# CPSC 533V: Assignment 4 - Policy Gradients and Proximal Policy Optimization (PPO)

## 45 points total (9% of final grade)

## Due Date: Fri Oct 29, any-time-on-earth

---

## Submission Information

- Complete the assignment by editing and executing the associated Python files.
- Task 1 should be completed in the notebook, i.e. include your answers under each question.
- Task 2-4 are coding and experiment questions. Copy and paste your results (screenshots and logs) in the notebook.  You should also copy completed code into this notebook and paste under the corresponding questions, they should be only a few lines maximum.
- When done, upload the completed Jupyter notebook (ipynb file) on canvas.
- **We recommend working in groups of two**. List your names and student numbers below (if you use a different name on Canvas).

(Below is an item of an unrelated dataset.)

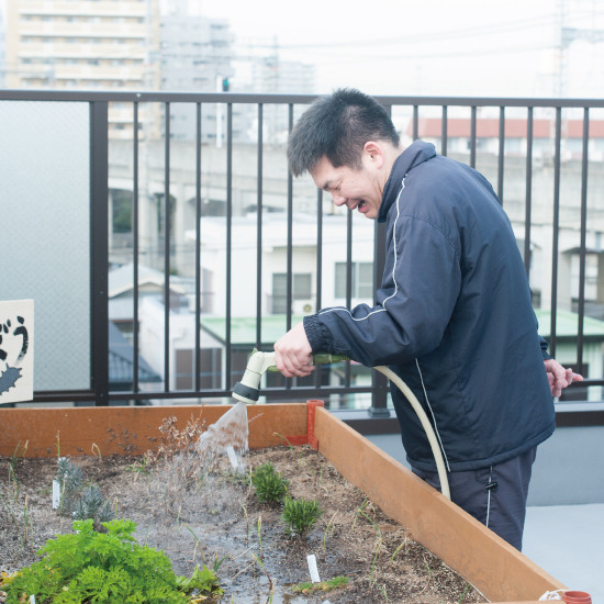 ちゅうぶの拠点である「おにわ」の屋上で育てている植物に水やりを行っている様子を撮影させていただきました。素敵な笑顔で水まきをしてもらっています。

<ul style="list-style-type: none; font-size: 1.2em;">
<li>Name (and student ID): Kim Dinh </li>
<li>Name (and student ID): Alan Milligan </li>
</ul>

*As always, you are encouraged to discuss your ideas and approaches with other students, even if you are not working as a group.*

## Assignment Background

This assignment is on vanilla policy gradients (VPG) methods and Proximal Policy Optimization (PPO).
You will be implementing the loss functions for vanilla policy gradients (VPG), running some experiments on it, and then implementing clipped-PPO policy gradients and its loss function.  The change for PPO is simple and it yields efficient-to-compute stable policy updates, making PPO one of the most widely used DeepRL algorithms today.


Goals:
- To understand policy gradient RL and to implement the relevant training losses, for both discrete and continuous action spaces
- To observe the sensitivity issues that plague vanilla policy gradients
- To understand and implement the PPO clipping objective and to observe how it addresses these issues

External resources:
- [Sutton's Book Chapter 13: Policy Gradients](http://incompleteideas.net/book/the-book-2nd.html)
- [Andrej Karpathy's post on RL in general and policy gradients specifically](http://karpathy.github.io/2016/05/31/rl/)
- [OpenAI's Spinning Up for coverage of policy gradients and PPO](https://spinningup.openai.com/en/latest/)
- [PPO paper](https://arxiv.org/pdf/1707.06347.pdf)
- [Matthew's StackOverflow Post on PPO](https://stackoverflow.com/questions/46422845/what-is-the-way-to-understand-proximal-policy-optimization-algorithm-in-rl/50663200#50663200)

## Task 0: Preliminaries



### Dependencies

In addition to dependencies from past assignments, we will learn to use TensorBoard to view our experiment results.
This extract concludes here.